Men In Black? LA Confidential? Nil By Mouth? ... soooo last year, darling, So what's in store for cinephiles, blockbuster babes and multiplex monsters in 1998? It's back to the spangly 1970s for the first few months of next year, as the nostalgia wheel spins film-makers back to the decade that fashion forgot. First off is January's Boogie Nights (right), a sprawling glitterball of reflections on the sex industry from Paul Thomas Anderson. Starring Julianne Moore as Amber Waves, Heather Graham as Rollergirl, Don Cheadle as Buck Swope and Mark Wahlberg as Dirk Diggler, the film is epic in names alone, not to mention the unfeasibly-large prosthetic penis Wahlberg gets to don for the role of protege to porn auteur Burt Reynolds (in another nicely self-parodic turn).

While also set in the 1970s, Ang Lee's stunning latest The Ice Storm (February) offers quite a contrast. This cool but intense chamber piece explores the crisis in confidence of Nixon's America through the emotional fracturing of two families. Offering powerfully understated performances from an ensemble that includes Sigourney Weaver, Kevin Kline and Joan Allen, it's a definite must-see.

Travel back in time to a parallel Seventies in March, with Quentin Tarantino's neo-exploitation flick Jackie Brown, starring original superfly star Pam Grier alongside Samuel Jackson, Bridget Fonda and Robert De Niro. Expect big hair, big shoes and big backchat from the motor-mouthed maestro.

Finally, 1998 also sees enormously talented American indie director Todd Haynes moving away from the minimalism of Safe to embrace the excesses of 1970s glam rock in Velvet Goldmine, which stars Ewan McGregor as an lggy Pop-style rock God.

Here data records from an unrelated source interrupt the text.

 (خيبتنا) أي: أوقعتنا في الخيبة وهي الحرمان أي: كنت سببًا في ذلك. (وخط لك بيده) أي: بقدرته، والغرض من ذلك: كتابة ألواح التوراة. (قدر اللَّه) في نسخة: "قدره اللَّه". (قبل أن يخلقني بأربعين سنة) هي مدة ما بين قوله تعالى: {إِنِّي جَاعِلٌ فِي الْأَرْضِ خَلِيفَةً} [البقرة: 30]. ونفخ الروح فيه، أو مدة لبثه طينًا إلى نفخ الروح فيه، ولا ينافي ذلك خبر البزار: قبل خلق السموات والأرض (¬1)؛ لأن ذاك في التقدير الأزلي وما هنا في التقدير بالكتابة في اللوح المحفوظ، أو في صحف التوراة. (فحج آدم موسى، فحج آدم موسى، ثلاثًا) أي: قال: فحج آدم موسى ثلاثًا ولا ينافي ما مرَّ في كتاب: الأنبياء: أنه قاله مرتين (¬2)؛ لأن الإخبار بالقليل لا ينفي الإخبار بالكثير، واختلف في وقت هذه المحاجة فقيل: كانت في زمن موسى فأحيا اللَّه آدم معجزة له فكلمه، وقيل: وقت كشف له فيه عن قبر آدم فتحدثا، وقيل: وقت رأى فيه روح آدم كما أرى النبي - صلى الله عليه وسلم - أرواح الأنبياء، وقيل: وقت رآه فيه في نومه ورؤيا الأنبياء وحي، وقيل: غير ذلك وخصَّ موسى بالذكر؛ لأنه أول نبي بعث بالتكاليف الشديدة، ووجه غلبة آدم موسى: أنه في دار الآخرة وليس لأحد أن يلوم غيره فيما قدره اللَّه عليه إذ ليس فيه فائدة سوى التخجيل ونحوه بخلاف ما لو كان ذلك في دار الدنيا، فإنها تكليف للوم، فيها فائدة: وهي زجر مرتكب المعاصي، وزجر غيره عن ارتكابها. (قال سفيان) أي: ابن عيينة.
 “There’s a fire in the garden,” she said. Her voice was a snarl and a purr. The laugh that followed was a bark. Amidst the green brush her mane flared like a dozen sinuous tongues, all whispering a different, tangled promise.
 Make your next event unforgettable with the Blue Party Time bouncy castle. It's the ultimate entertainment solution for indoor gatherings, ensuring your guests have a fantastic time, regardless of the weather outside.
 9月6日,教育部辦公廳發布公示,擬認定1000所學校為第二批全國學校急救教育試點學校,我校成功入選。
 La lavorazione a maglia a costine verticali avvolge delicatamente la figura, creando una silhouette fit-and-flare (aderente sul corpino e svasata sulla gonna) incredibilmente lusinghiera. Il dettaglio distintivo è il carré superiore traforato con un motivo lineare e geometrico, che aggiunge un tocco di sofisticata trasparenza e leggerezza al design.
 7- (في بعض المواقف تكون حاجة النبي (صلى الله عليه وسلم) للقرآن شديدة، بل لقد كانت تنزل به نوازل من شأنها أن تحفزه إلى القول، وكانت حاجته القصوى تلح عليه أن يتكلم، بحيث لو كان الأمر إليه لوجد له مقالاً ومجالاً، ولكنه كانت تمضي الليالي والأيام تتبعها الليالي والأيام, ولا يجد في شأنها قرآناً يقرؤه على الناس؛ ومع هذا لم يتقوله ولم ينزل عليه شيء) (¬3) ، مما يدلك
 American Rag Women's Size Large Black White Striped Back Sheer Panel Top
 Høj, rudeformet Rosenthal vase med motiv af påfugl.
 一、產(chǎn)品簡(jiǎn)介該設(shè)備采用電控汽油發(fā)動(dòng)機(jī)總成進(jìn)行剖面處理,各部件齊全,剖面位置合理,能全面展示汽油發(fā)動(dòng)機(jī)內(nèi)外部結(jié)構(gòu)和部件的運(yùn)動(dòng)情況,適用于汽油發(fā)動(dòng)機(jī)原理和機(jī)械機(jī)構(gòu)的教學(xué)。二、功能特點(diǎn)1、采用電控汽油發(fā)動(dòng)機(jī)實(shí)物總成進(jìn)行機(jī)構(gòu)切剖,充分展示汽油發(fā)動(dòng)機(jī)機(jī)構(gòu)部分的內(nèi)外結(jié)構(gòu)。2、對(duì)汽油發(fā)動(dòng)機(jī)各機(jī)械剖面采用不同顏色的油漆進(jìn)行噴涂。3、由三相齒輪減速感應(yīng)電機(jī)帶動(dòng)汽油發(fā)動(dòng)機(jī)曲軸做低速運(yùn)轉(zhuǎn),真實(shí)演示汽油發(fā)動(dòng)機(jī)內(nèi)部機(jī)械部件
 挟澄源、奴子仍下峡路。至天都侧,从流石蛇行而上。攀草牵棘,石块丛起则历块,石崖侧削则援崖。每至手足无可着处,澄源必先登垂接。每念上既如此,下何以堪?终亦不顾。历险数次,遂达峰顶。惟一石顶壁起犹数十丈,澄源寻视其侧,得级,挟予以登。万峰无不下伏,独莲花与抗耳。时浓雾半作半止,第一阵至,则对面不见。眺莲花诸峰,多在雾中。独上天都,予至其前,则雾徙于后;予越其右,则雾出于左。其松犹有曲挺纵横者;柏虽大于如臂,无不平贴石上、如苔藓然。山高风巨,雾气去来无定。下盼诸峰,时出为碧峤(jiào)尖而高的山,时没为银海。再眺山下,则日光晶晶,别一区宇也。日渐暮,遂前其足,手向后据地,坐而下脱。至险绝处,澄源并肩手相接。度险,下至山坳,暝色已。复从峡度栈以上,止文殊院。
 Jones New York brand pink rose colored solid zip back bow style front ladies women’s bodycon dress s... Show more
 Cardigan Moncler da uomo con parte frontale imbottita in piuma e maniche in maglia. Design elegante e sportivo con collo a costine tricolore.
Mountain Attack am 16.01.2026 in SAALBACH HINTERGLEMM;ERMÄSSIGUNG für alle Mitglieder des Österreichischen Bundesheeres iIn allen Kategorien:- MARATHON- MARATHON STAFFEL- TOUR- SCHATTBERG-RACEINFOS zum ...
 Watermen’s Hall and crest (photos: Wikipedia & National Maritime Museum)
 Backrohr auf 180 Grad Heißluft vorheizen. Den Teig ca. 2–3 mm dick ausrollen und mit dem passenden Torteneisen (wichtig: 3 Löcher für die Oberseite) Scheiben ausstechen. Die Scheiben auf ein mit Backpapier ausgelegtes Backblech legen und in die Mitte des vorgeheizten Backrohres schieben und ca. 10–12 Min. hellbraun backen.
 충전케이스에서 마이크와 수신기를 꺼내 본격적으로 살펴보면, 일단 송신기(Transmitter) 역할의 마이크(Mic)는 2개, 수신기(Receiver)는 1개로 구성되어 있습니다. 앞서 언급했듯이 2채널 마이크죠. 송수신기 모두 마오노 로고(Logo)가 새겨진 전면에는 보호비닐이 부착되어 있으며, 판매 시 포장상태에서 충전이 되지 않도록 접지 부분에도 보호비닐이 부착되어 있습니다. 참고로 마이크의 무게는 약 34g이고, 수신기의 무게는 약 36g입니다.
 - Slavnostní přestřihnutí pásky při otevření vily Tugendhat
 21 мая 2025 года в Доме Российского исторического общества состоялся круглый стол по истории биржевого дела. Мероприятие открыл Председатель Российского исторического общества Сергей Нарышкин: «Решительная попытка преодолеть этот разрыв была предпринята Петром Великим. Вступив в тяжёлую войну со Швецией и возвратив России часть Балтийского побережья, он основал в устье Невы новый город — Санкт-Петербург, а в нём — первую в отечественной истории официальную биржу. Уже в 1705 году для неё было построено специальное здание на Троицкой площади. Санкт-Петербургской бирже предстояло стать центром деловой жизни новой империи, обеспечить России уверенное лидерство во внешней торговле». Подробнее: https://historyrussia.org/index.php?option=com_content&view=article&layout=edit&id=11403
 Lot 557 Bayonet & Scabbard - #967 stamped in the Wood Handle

But enough of this retro-kitsch and back to the future. One of the first blockbusters of the year promises to be Paul Verhoeven's Starship Troopers, a bug-eyed and ultra-violent B-movie which essentially pits a crew of beautiful unknowns against a load of computer-generated giant insects. Sci-fi fans can also look forward to seeing Mulder and Scully finally hitting the big screen this summer in X Files: The Movie.

James Cameron's hulking Titanic washes up on the screens at the end of January, while February sees Spielberg turning serious once more with Amistad, the true story of a 1839 uprising on board a slave ship. The Coen brothers release their mistaken identity comedy The Big Lebowski, starring Jeff Bridges and John Goodman. Other releases include Woody Allen's Deconstructing Harry and Midnight in the Garden of Good and Evil, which shows an intriguing change in orientation from director Clint Eastwood, who abandons his usual lean style for a foray into Southern Gothic.

On the star side, catch Ralph Fiennes and Uma Thurman in The Avengers, Robert De Niro and Anne Heche in political thriller Wag The Dog and Claudia Schiffer making her film debut in The Black Out, the latest nightmare to escape from the troubled brain of Abel Ferrara.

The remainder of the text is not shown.